If the industry suffered during the pandemic is was nothing more than a glancing blow as people became much more appreciative of their homes – inside and out.
“I think the gardening world kept the economy going, during those dark times.
“We all did quite well, but there has been a slow down as people don’t have as much money as they had before. But if you are wealthy you don’t feel it and those clients tend not to go away.”
She is also grateful that clients are so willing to accept the upheaval that garden design brings.

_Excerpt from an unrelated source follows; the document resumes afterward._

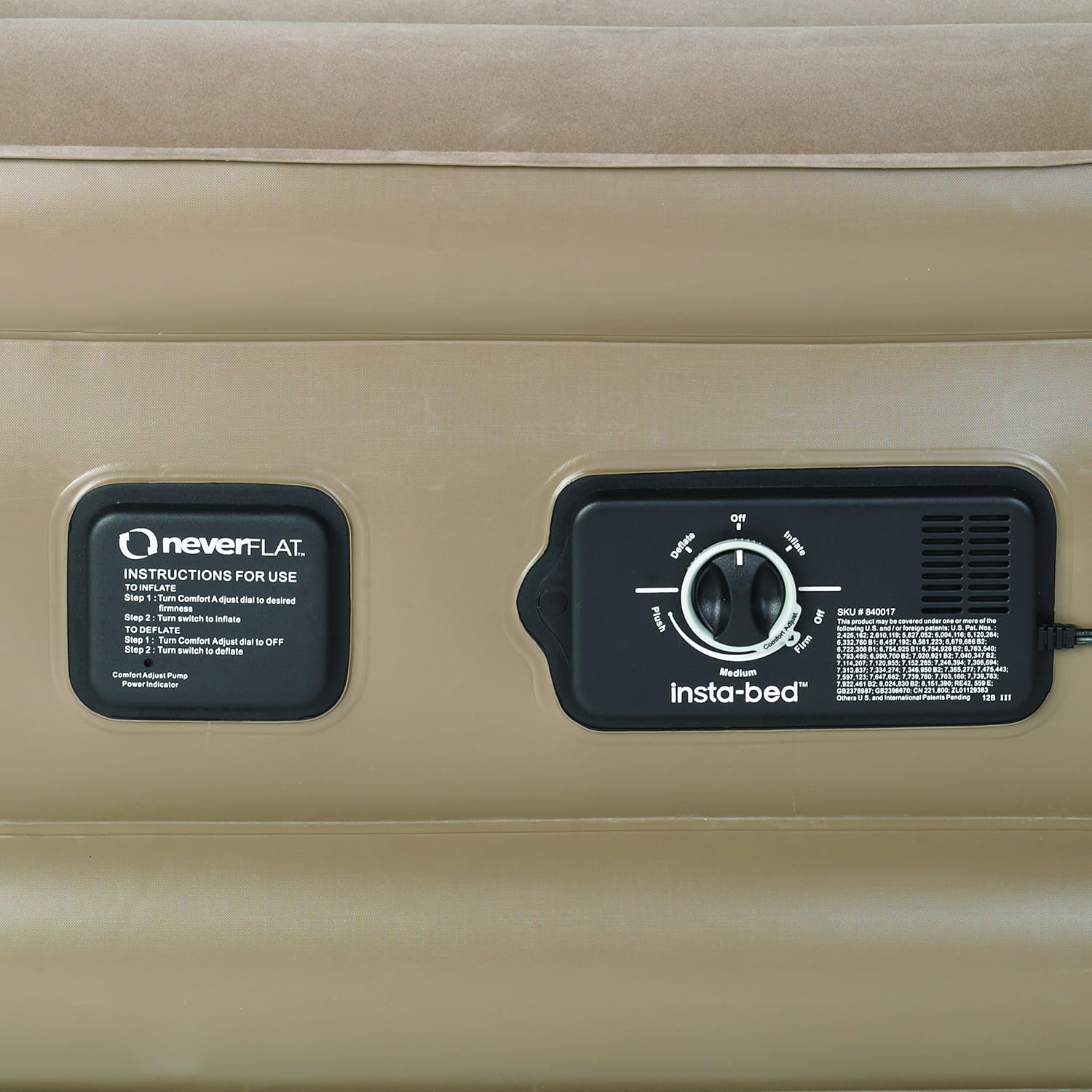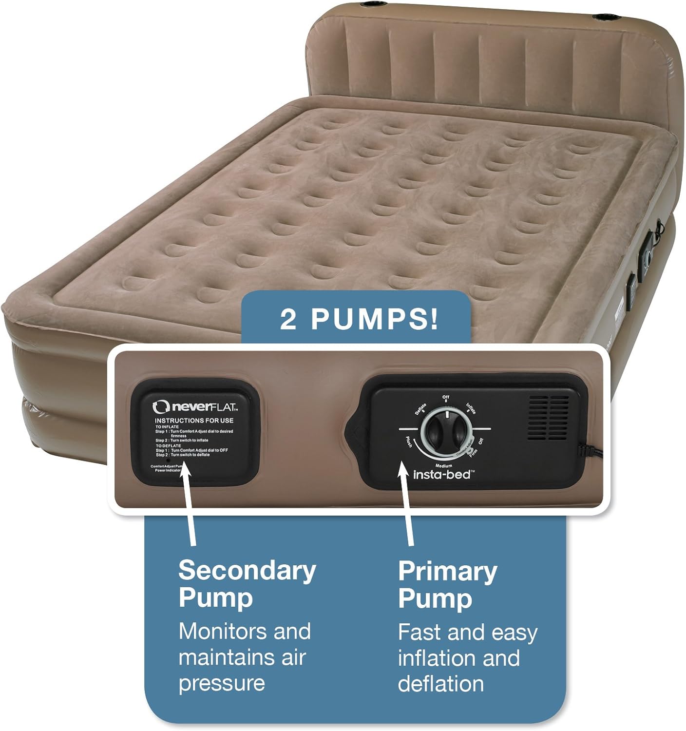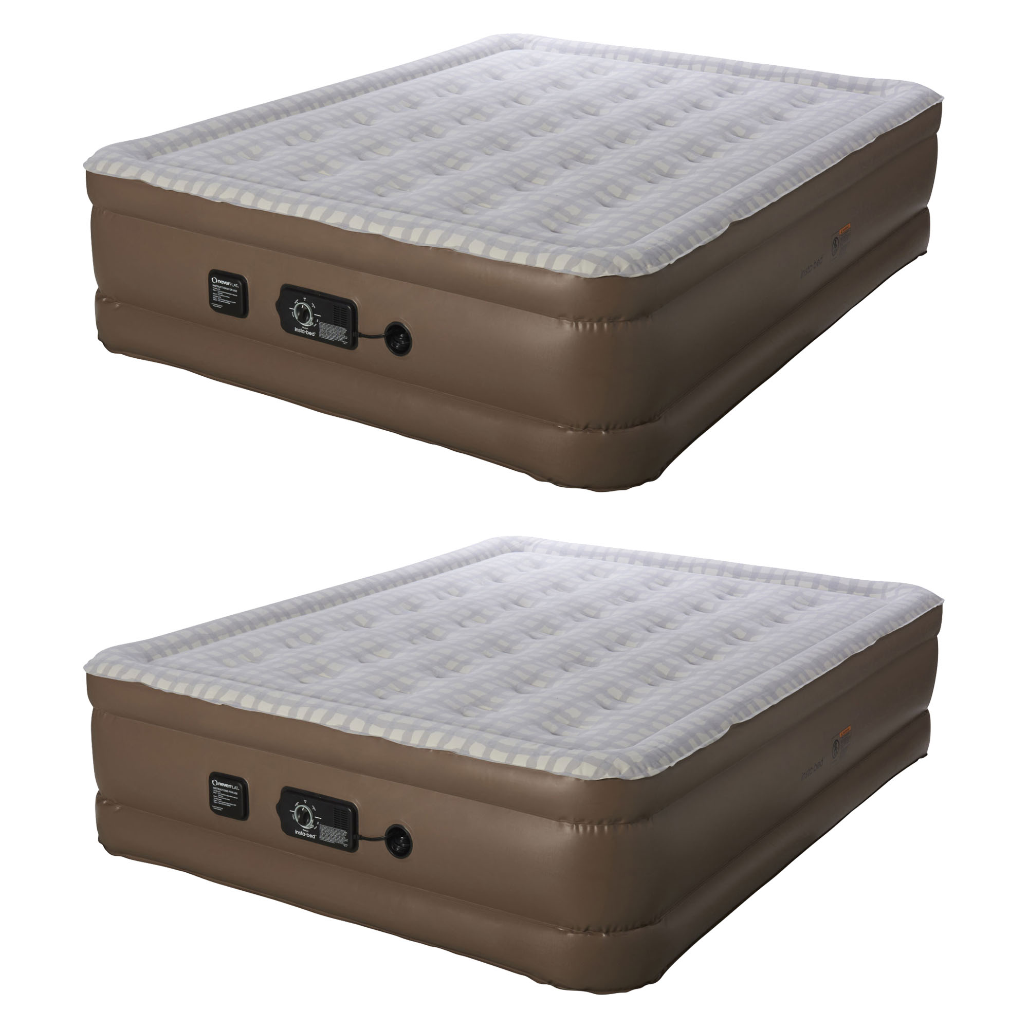 Insta bed neverflat queen raised air bed. Product Overview Combine the convenience of a raised height with our exclusive NeverFLAT pump and you have the ultimate in all-night comfort. Patented powerful internal neverFLAT AC pump inflates and deflates bed quickly Sensors monitor air pressure continuously and engage a silent secondary pump as necessary to maintain a consistent firmness.
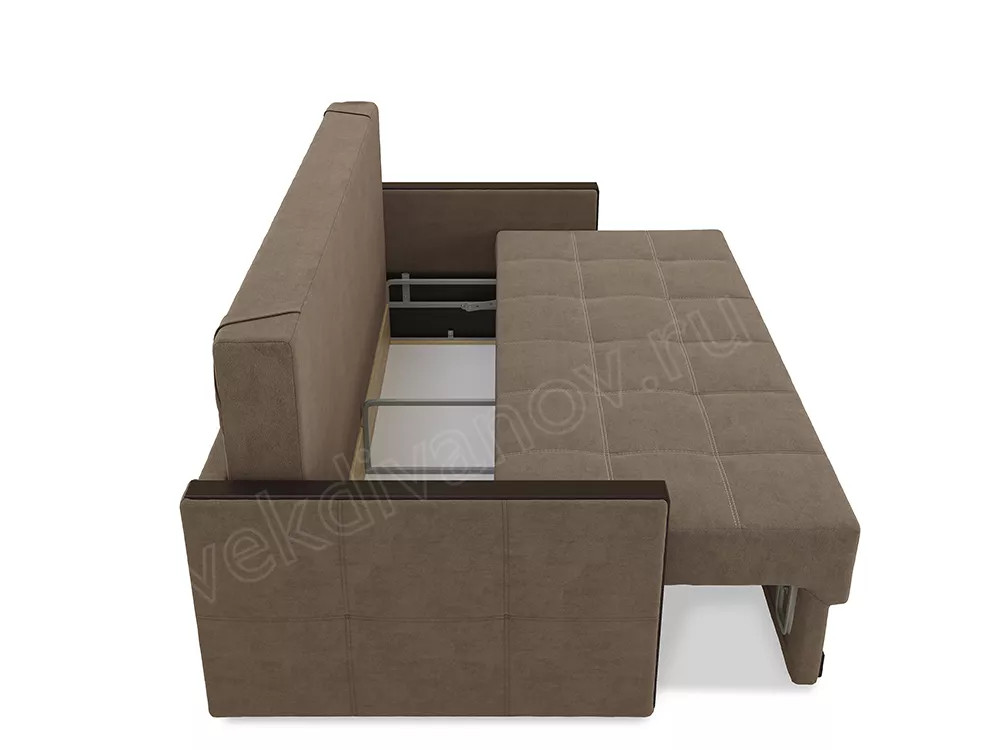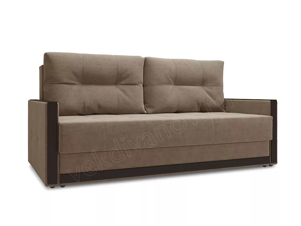 Наполнитель: в основании спального места независимый пружинный блок с дополнительным многослойным покрытием: термовойлок, высокоэластичный пенополиуретан, синтепон; подушки спинки имеют внутренний чехол, наполнитель комбинированный, гипоаллергенный пух «комфорель» с пенополиуретановой крошкой. Накладки – МДФ цвета венге.

“We are in people’s faces as landscapers. Often we have to go through their houses to get to the garden and it’s not a quick process. It’s a mission and we can be there for months building a garden.
We never want to outstay our welcome but always want to make the best job we can,” said Kate.
So, what of my potentially stupid question?
Here it is.
Is there actually a medal, or is it just a certificate with an embossed medal on it?
Kate, showing great patience.
“No, there is an actual medal, but you only get one the first time you win. After that it is a certificate with the medal painted on it. The actual medal comes in a little 10cm by 10cm box and as far as I know it’s real gold,” she explained, adding that her certificates are up on the wall while the medal is tucked away somewhere in a cupboard.
Now it may be that there are nurseries or laboratories around the world working on a blue daffodil, in which case, I will go up a place in Kate’s list of top ten of stupid questions, but until then I’m quite satisfied that I managed to get away with it.